Is 88 dollars per budgie expensive? I want to take them in for a check up and a beak and nail trim but the only avian vet in my area I can find costs 88 for each one. its Canadian dollars if that makes a difference.


----------



## StarlingWings (Mar 15, 2013)

Over here at my vet, its $84 dollars for an avian exam, I would say that that's pretty good! Some avian vets charge $100 for an exam, so I don't think that's too terrible. Per budgie it probably adds up, though


----------



## Tweetsley (Nov 17, 2015)

88 Canadian dollars is roughly 68 USD. At my vet, I pay $60 for the first budgie and then there is a 20% discount for each additional bird.
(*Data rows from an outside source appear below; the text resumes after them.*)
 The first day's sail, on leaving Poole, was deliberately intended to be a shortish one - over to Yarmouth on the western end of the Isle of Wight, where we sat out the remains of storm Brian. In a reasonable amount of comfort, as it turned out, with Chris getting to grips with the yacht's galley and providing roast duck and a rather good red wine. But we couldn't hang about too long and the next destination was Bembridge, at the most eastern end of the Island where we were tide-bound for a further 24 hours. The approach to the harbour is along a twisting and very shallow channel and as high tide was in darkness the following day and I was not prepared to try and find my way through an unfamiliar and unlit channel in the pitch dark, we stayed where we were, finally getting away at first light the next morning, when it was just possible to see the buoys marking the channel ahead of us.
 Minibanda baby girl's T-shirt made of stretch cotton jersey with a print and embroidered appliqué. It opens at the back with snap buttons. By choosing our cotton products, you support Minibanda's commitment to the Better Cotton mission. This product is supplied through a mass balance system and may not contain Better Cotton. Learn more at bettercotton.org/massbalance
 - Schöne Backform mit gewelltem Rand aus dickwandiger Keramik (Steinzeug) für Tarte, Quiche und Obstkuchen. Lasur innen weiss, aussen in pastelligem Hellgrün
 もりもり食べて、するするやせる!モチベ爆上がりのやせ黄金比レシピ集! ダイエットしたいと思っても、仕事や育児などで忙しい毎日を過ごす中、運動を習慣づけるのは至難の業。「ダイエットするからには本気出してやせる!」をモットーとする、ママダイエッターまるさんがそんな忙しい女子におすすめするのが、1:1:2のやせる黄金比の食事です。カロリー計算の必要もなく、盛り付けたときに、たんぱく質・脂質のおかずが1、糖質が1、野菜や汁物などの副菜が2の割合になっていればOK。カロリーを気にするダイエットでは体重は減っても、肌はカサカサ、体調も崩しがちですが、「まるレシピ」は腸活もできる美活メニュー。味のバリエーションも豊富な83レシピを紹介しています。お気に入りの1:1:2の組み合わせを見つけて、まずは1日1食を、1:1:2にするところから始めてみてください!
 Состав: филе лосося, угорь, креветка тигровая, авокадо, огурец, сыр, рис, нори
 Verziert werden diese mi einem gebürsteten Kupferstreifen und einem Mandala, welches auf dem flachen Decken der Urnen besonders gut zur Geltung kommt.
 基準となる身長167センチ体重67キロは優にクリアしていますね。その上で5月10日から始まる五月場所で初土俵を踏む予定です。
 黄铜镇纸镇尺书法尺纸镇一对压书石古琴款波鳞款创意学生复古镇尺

It's called a multi-bird discount and it doesn't hurt to ask if your vet has one. I have called around the area, and most vets want $70-80 per bird and they don't offer any discounts.
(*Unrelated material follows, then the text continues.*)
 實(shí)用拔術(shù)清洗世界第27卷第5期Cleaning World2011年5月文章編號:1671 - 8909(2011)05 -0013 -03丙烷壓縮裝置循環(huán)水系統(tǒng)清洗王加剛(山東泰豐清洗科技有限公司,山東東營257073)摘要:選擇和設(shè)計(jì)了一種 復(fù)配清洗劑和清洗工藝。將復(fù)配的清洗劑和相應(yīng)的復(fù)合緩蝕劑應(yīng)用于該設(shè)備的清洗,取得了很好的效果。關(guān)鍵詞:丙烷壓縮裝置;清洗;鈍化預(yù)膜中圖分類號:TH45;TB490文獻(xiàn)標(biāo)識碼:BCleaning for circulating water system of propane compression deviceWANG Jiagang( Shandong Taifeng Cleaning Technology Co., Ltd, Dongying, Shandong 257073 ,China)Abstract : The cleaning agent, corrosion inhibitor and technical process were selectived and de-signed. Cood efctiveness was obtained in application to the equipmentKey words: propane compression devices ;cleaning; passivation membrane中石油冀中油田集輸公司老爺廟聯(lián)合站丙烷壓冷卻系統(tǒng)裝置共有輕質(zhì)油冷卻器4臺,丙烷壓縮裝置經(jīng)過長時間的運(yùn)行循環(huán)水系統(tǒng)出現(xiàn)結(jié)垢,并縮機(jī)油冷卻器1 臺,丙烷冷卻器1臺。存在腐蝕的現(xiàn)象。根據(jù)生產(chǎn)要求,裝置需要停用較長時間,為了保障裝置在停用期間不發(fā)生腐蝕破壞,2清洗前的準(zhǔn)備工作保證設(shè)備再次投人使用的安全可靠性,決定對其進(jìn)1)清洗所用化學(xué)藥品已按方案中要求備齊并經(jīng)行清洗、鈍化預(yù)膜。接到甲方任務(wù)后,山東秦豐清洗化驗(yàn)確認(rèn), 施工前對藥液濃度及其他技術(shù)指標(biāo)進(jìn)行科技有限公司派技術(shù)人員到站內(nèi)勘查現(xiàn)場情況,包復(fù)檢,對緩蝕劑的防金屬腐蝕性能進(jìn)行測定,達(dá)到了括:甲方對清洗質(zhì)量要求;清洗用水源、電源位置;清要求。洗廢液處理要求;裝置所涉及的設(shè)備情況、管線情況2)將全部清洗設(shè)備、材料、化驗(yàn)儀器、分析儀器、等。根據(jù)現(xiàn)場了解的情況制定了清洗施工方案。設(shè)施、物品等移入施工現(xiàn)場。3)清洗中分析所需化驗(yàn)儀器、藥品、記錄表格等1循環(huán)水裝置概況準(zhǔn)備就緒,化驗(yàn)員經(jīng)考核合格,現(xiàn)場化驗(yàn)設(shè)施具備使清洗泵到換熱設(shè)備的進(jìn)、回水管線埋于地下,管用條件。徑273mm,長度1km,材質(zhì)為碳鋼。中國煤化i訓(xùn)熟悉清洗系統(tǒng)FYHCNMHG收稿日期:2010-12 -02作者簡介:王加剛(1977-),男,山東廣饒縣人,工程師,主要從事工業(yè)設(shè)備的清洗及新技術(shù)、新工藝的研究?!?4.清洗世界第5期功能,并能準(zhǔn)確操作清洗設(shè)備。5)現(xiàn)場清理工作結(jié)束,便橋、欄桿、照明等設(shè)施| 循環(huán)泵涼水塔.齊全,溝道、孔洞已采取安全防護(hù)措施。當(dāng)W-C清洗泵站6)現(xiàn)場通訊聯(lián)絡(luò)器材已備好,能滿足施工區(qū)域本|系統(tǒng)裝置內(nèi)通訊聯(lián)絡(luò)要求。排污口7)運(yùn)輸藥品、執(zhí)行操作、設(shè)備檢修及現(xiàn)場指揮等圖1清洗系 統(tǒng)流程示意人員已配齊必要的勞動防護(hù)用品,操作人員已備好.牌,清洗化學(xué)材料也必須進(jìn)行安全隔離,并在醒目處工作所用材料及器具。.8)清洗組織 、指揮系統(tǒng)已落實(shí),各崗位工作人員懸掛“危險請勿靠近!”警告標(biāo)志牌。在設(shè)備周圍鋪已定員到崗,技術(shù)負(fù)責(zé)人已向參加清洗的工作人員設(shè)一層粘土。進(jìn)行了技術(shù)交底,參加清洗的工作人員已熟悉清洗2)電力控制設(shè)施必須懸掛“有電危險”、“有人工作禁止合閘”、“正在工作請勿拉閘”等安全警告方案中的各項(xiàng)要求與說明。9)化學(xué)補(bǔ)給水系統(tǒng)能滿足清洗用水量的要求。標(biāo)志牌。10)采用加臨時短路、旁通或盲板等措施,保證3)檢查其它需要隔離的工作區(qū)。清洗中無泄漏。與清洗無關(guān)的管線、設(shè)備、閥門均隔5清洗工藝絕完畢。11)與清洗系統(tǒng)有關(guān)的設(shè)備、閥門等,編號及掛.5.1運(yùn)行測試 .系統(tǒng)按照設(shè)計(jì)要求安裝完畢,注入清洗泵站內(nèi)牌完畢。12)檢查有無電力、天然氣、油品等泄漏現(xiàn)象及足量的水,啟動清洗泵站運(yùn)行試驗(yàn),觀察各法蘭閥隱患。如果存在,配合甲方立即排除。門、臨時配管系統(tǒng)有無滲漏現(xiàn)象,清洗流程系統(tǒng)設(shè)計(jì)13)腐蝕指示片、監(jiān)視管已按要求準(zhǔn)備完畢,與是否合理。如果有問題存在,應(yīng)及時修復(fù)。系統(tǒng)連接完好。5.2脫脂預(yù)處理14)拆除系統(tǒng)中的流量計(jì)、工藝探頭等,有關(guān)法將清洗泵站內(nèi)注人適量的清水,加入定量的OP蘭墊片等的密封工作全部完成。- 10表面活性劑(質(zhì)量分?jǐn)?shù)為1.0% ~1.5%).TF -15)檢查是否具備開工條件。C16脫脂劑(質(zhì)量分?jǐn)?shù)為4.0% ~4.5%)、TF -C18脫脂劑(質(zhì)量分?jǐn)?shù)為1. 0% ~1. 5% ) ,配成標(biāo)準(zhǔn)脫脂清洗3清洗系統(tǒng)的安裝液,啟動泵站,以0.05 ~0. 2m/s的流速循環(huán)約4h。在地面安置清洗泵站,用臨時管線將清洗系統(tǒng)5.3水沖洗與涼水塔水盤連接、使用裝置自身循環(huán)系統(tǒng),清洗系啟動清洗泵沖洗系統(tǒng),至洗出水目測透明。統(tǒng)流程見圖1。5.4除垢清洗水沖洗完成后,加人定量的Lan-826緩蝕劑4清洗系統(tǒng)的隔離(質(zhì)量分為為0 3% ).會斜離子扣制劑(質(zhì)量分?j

So I would say that the cost of your vet is pretty reasonable.


----------



## CowbirdBebop (Oct 2, 2015)

Its about 70 USD for my two. I would say 88 is very reasonable for a canadian avian vet


----------



## shanebudgie (Feb 5, 2016)

That's a pretty good deal for under a 100 dollars.you know I thought it would be higher.but that is a good price.blessings and thanks for the information.


----------



## FaeryBee (May 9, 2011)

*The Avian Vet I use charges $75.00 just for the initial exam.
Nail trims, beak trims, and any tests are extra.
I think the amount you are being charged is about average.*


----------



## blubudgiemama (Jul 19, 2014)

Thank you for everyone's opinions. I brought in one of our Guinea pigs to that location because I was worried about her weight and wanted a check up and it cost 100. It seemed very expensive being that the small animal vet that is closer to my home but doesn't do birds would charge 45 or so per pig so I was just trying to make sure I wasn't getting jipped. Thank you very much! I asked about multi discount and they don't offer it.


----------



## ParrotletsRock (Jun 8, 2009)

I live in the states and my vet is not avian certified but very good with birds and really knows his stuff! He is an exotics vet, it cost $51 USD for an avian exam, I have been treating my tiel clutch for slow crop,and when I took 2 of them in to him he only charged me for 1 exam, for the exam and meds to treat 8 chicks it cost $76.


----------